According to the invention, moreover, over the aforementioned zone
the flexural stiffness or bending resistance of the membrane strip
is significantly less than that of the glass pane in the zone so
that transverse edge oscillations, undulations or deformations of
the glass pane correspondingly deform the strip in this zone, i.e.
the strip can follow such edge transverse deformations without
resisting or impeding them.
Transverse edge oscillations or undulations are the undulations
which are established along the longitudinal edges of the glass
pane and are more or less sinusoidal in nature with crests and
troughs extending transverse to the plane of the pane, i.e. the
crests of the undulations project out of the normal lay of the
pane.
Surprisingly, the use of membrane strips which permit such
deformation of the pane but nevertheless yieldably retain the pane
of the frame, allow the pane itself to participate significantly in
the acoustic damping properties of the structure and results in a
significant increase in the sound damping quality of the
structure.
According to a feature of the invention, the membrane strip which
can be composed of metal, rubber or a synthetic resin (plastic)
material or foil, has a flexural stiffness or bending resistance
which is smaller by a factor of 10.sup.-2 to 10.sup.-6 than the
flexural stiffness or bending resistance of the glass pane in the
edge zone thereof at which the strip is bonded. Preferably the
factor is 10.sup.-4 to 10.sup.-5. This means that the
aforedescribed oscillations or vibrations which develop in the edge
zones of the glass pane are practically not damped by the strip
itself which exerts neither compression nor tension forces on the
glass which could resist the formation of undulations therein.
Advantageously the strip is a planar strip which is bonded to a
zone of the respective glass pane which has a width equal to or
less than the thickness of the glass pane while a free zone of the
strip, between its connection to the frame to its bonding zone is
provided of a width which is approximately equal to the thickness
of the glass pane or is greater than the latter.

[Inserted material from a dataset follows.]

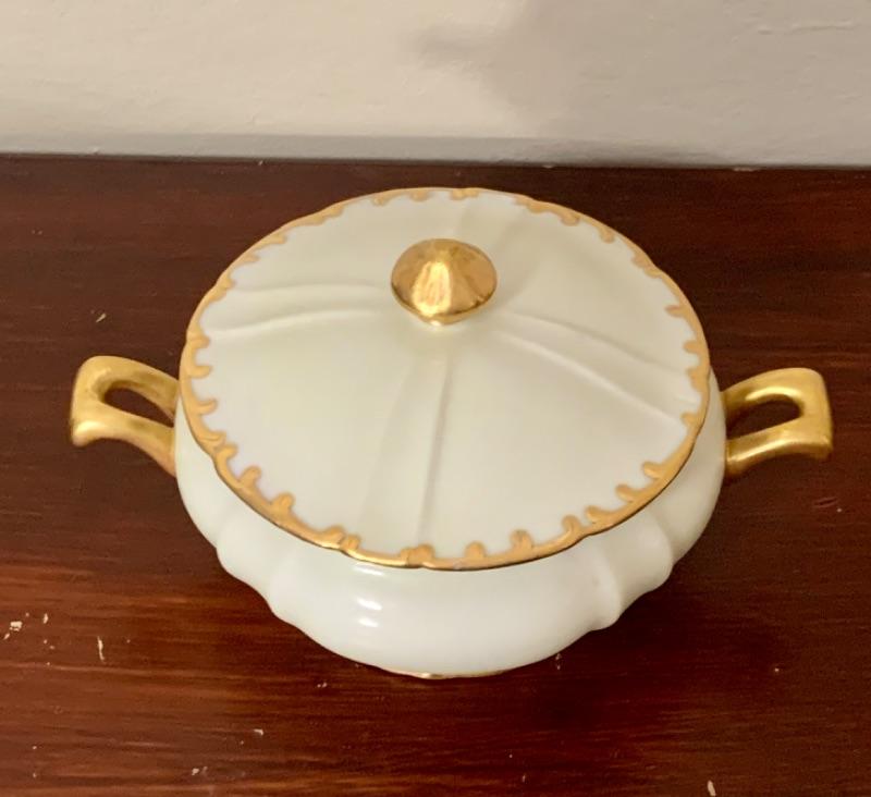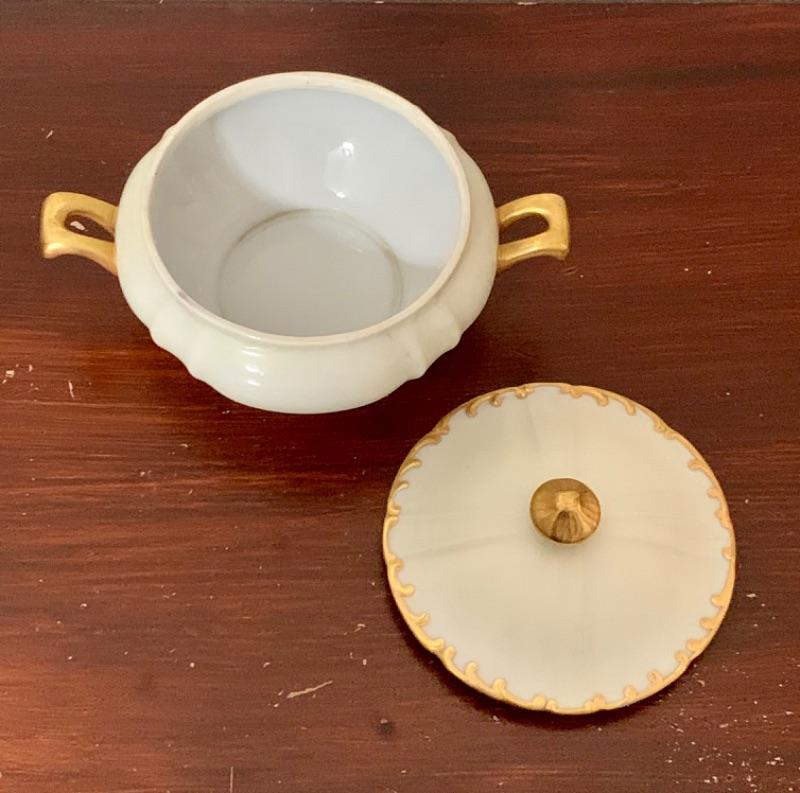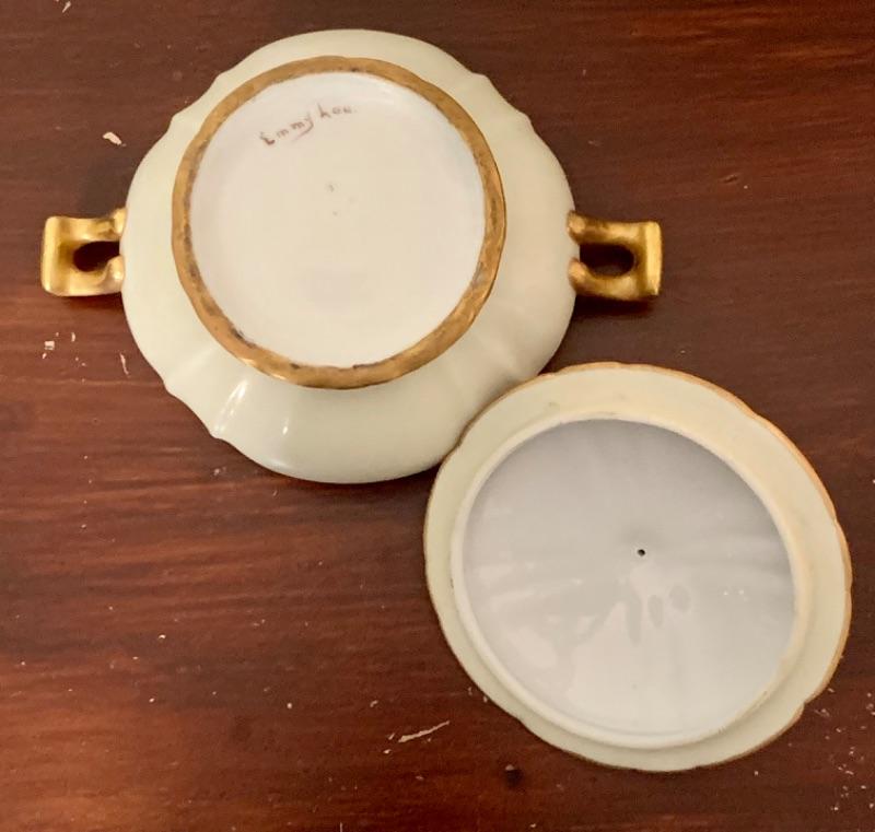Off white porcelain with hand painted gold gilding. Artist signed on back “Emmy Lou.” No cracks, nicks, crazing or repairs noted. Measures 7 1/4” across handle to handle.

While it is sufficient for most purposes to mount only one of the
panes in the window structure by a membrane strip as described, it
is possible to mount both panes in this manner although, as noted,
sufficient acoustic damping is provided when only a single pane is
connected in the structure via the membrane strip. Naturally
additional panes can be provided in the assembly as well in which
case all of the panes can be yieldably mounted in the manner
described to provide a multiple means pane structure where only
some of the panes are yieldably mounted.
The term "membrane" is used herein in the sense in which it is used
in connection with static structures, i.e. to describe a strip
which, while holding the yieldable pane in the structure and
contributing to the sealing of the space between the panes, does
not interfere with stresses in the yieldable pane or forces in the
structure which are transverse to the membrane so that these
stresses and the resulting deformations of the pane can be
uniformly distributed over the thickness of the membrane. As a
result, any displacement of the membrane is not accompanied by a
significant restoring force as in the case of a spring element and
the pane can act as a sound-damping member without a piston-like
contribution to sound transmission.
The theory involved, although not heretofore applied in the manner
of the present invention to window structures or the like, will be
more readily apparent from Raum- und Bauakustik, Larmabwehr, 1972,
pages 197 to 230, by Furrer and Lauber, especially page 208
containing FIG. 159 and page 212 containing FIG. 164.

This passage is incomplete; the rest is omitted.